> **Exercise details**: What the answer must contain is every line of the records, exactly, with no pictures.

> **Material shown**:

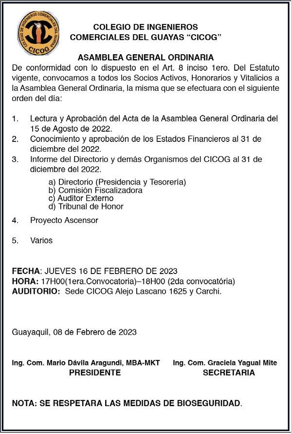 NOTA: de manera especial y presencial se convoca al Comisario de la compañía, Sr. Luis Quinsasamin.
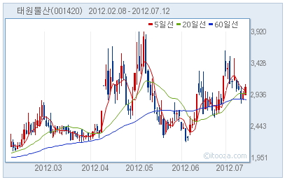 태원물산3,375원, ▲65원, 1.96%이 연이틀 상승세다. 12일 오후 1시 27분 현재 전일 대비 2.5% 상승한 3030원을 기록중이다.
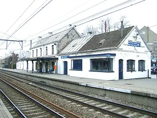 Uccle-Calevoet railway station (French: Gare d'Uccle-Calevoet [ɡaʁ dykl kalvut]) or Ukkel-Kalevoet railway station (Dutch: Station Ukkel-Kalevoet [staːˈɕɔn ˈʏkəl ˈkaːləˌvut])[a] is a railway station in the municipality of Uccle in Brussels, Belgium. The station is operated by the National Railway Company of Belgium (NMBS/SNCB) and located on line 124, between Uccle-Stalle and Linkebeek railway stations.[1] It is named after the Calevoet/Kalevoet neighbourhood in Uccle.
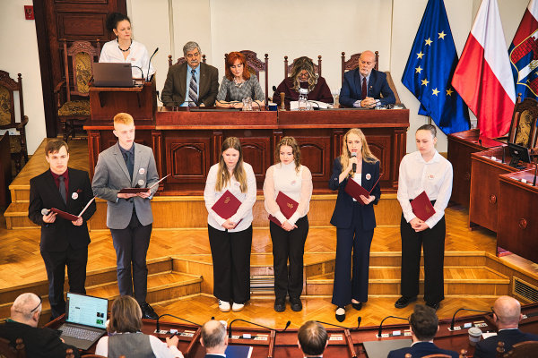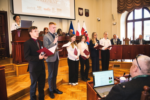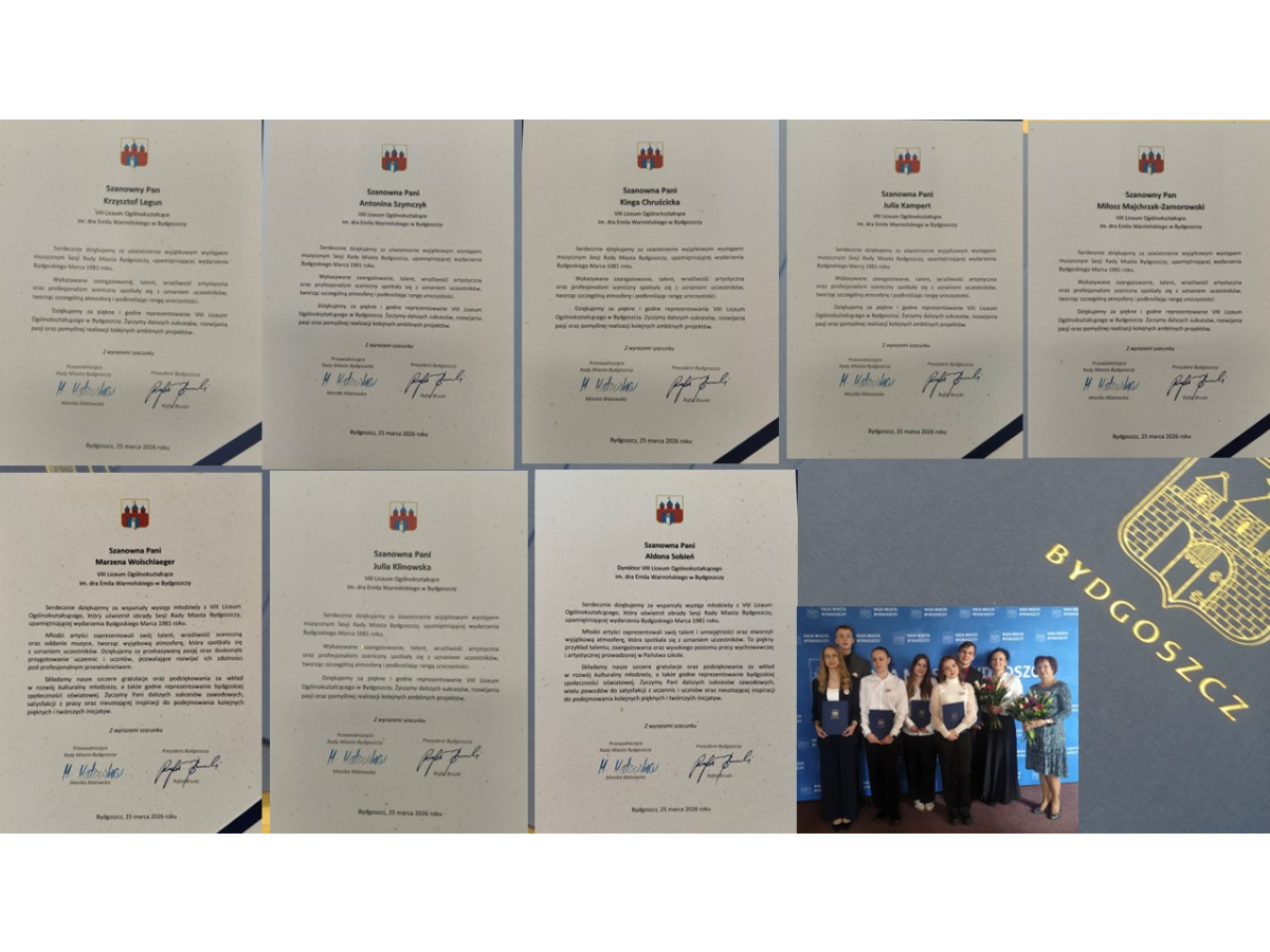 W 25 marca 2026 r. uczniowie z Grupy Teatralnej „Ósmy Element” mieli wyjątkową okazję wystąpić podczas sesji Rady Miasta Bydgoszczy, prezentując poruszający program poświęcony historii „Solidarności” oraz „Wydarzeniom bydgoskim” z marca 1981 roku.
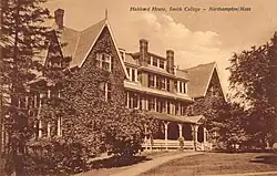 When Smith College first opened its doors to students in 1875, there were few precedents for how a women's college should build its dorms. Unlike the two already existing women's colleges, Mount Holyoke and Vassar, the Smith trustees decided to abandon the model of a large building with many individual student rooms. Instead, they took over a house that had belonged to a local family, Dewey House, in order to give their students a domestic space. Dewey House, designed by Thomas Pratt in 1827 for Charles A. Dewey, was a three-story home with a front porch, parlor, large dining room, and a bedroom for each of the incoming students.[1]
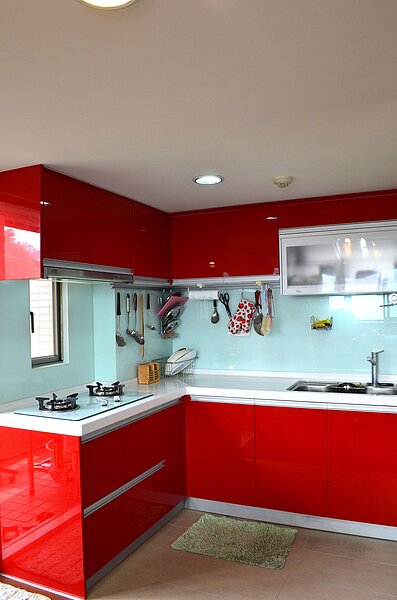 ↓紅色的系統廚櫃讓用餐氣氛也開心起來
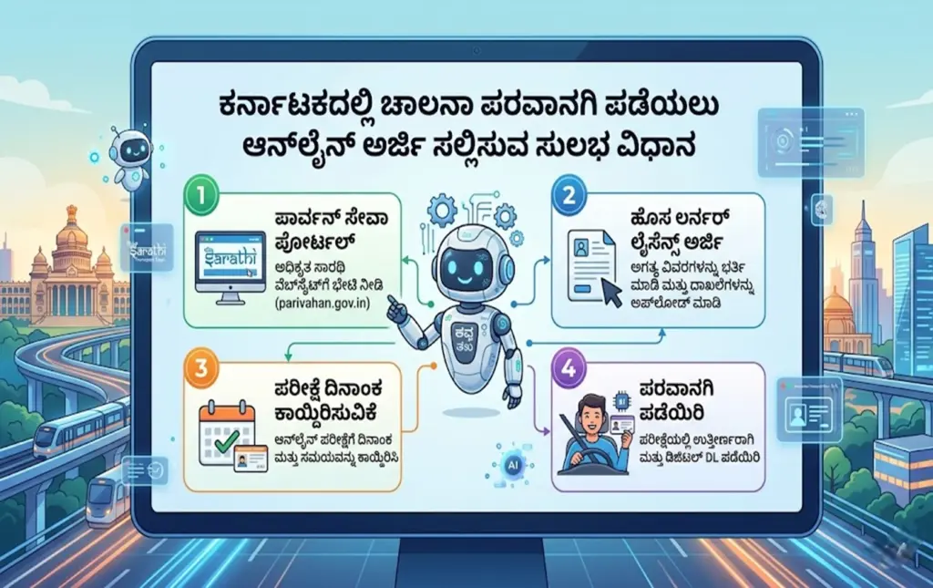 ಬೆಂಗಳೂರು : ಇಂದಿನ ದಿನಗಳಲ್ಲಿ ಪ್ರತಿಯೊಬ್ಬರಿಗೂ ಚಾಲನಾ ಪರವಾನಗಿ (Driving License) ಅತ್ಯಗತ್ಯವಾದ ದಾಖಲೆಯಾಗಿದೆ. ಚಾಲನೆ ಮಾಡುವವರಿಗೆ ಮಾತ್ರವಲ್ಲದೆ ಇದೊಂದು ಪ್ರಮುಖ ಗುರುತಿನ ಚೀಟಿಯಾಗಿಯೂ ಬಳಕೆಯಾಗುತ್ತದೆ. ಈಗ ಕರ್ನಾಟಕದಲ್ಲಿ ಆನ್ಲೈನ್ ಮೂಲಕವೇ ಸುಲಭವಾಗಿ ಲೈಸೆನ್ಸ್ ಪಡೆಯಲು ಸಾರಿಗೆ ಇಲಾಖೆಯು ಅವಕಾಶ ನೀಡಿದೆ. ಈ ಪ್ರಕ್ರಿಯೆಯು ಪ್ರಮುಖವಾಗಿ ಎರಡು ಹಂತಗಳಲ್ಲಿ ನಡೆಯುತ್ತದೆ.

> **Exercise answer**:
 NOTA: de manera especial y presencial se convoca al Comisario de la compañía, Sr. Luis Quinsasamin.
 태원물산3,375원, ▲65원, 1.96%이 연이틀 상승세다. 12일 오후 1시 27분 현재 전일 대비 2.5% 상승한 3030원을 기록중이다.
 Uccle-Calevoet railway station (French: Gare d'Uccle-Calevoet [ɡaʁ dykl kalvut]) or Ukkel-Kalevoet railway station (Dutch: Station Ukkel-Kalevoet [staːˈɕɔn ˈʏkəl ˈkaːləˌvut])[a] is a railway station in the municipality of Uccle in Brussels, Belgium. The station is operated by the National Railway Company of Belgium (NMBS/SNCB) and located on line 124, between Uccle-Stalle and Linkebeek railway stations.[1] It is named after the Calevoet/Kalevoet neighbourhood in Uccle.
 W 25 marca 2026 r. uczniowie z Grupy Teatralnej „Ósmy Element” mieli wyjątkową okazję wystąpić podczas sesji Rady Miasta Bydgoszczy, prezentując poruszający program poświęcony historii „Solidarności” oraz „Wydarzeniom bydgoskim” z marca 1981 roku.
 When Smith College first opened its doors to students in 1875, there were few precedents for how a women's college should build its dorms. Unlike the two already existing women's colleges, Mount Holyoke and Vassar, the Smith trustees decided to abandon the model of a large building with many individual student rooms. Instead, they took over a house that had belonged to a local family, Dewey House, in order to give their students a domestic space. Dewey House, designed by Thomas Pratt in 1827 for Charles A. Dewey, was a three-story home with a front porch, parlor, large dining room, and a bedroom for each of the incoming students.[1]
 ↓紅色的系統廚櫃讓用餐氣氛也開心起來
 ಬೆಂಗಳೂರು : ಇಂದಿನ ದಿನಗಳಲ್ಲಿ ಪ್ರತಿಯೊಬ್ಬರಿಗೂ ಚಾಲನಾ ಪರವಾನಗಿ (Driving License) ಅತ್ಯಗತ್ಯವಾದ ದಾಖಲೆಯಾಗಿದೆ. ಚಾಲನೆ ಮಾಡುವವರಿಗೆ ಮಾತ್ರವಲ್ಲದೆ ಇದೊಂದು ಪ್ರಮುಖ ಗುರುತಿನ ಚೀಟಿಯಾಗಿಯೂ ಬಳಕೆಯಾಗುತ್ತದೆ. ಈಗ ಕರ್ನಾಟಕದಲ್ಲಿ ಆನ್ಲೈನ್ ಮೂಲಕವೇ ಸುಲಭವಾಗಿ ಲೈಸೆನ್ಸ್ ಪಡೆಯಲು ಸಾರಿಗೆ ಇಲಾಖೆಯು ಅವಕಾಶ ನೀಡಿದೆ. ಈ ಪ್ರಕ್ರಿಯೆಯು ಪ್ರಮುಖವಾಗಿ ಎರಡು ಹಂತಗಳಲ್ಲಿ ನಡೆಯುತ್ತದೆ.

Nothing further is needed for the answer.